Brief: Which lines run from the line with "Väter und andere" through the line with "Um traditionelle schädliche" in the entries below? Print them exactly, both ends included, and nothing more.

Information provided:
────────

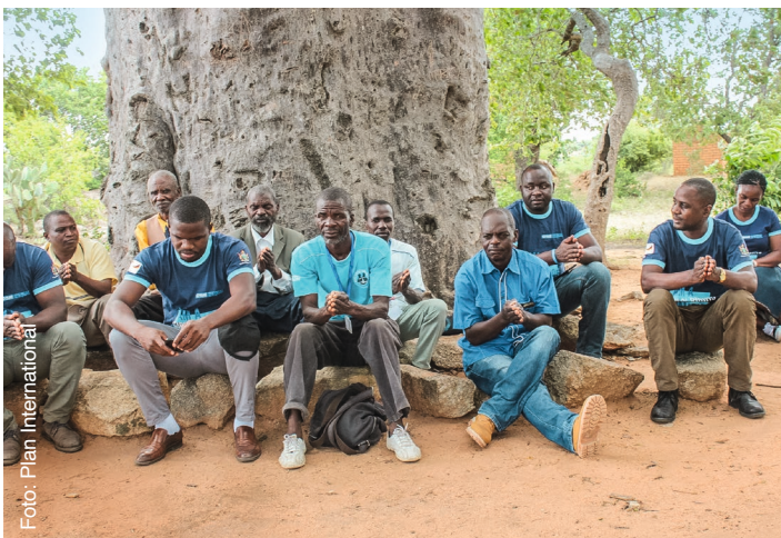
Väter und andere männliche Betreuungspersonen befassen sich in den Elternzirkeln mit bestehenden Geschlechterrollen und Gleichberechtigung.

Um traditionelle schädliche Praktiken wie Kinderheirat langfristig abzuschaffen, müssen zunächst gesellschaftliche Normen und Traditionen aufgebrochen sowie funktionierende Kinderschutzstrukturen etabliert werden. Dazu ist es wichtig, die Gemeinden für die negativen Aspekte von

────────

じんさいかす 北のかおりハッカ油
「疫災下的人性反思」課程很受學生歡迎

────────

Response area:
Väter und andere männliche Betreuungspersonen befassen sich in den Elternzirkeln mit bestehenden Geschlechterrollen und Gleichberechtigung.

Um traditionelle schädliche Praktiken wie Kinderheirat langfristig abzuschaffen, müssen zunächst gesellschaftliche Normen und Traditionen aufgebrochen sowie funktionierende Kinderschutzstrukturen etabliert werden. Dazu ist es wichtig, die Gemeinden für die negativen Aspekte von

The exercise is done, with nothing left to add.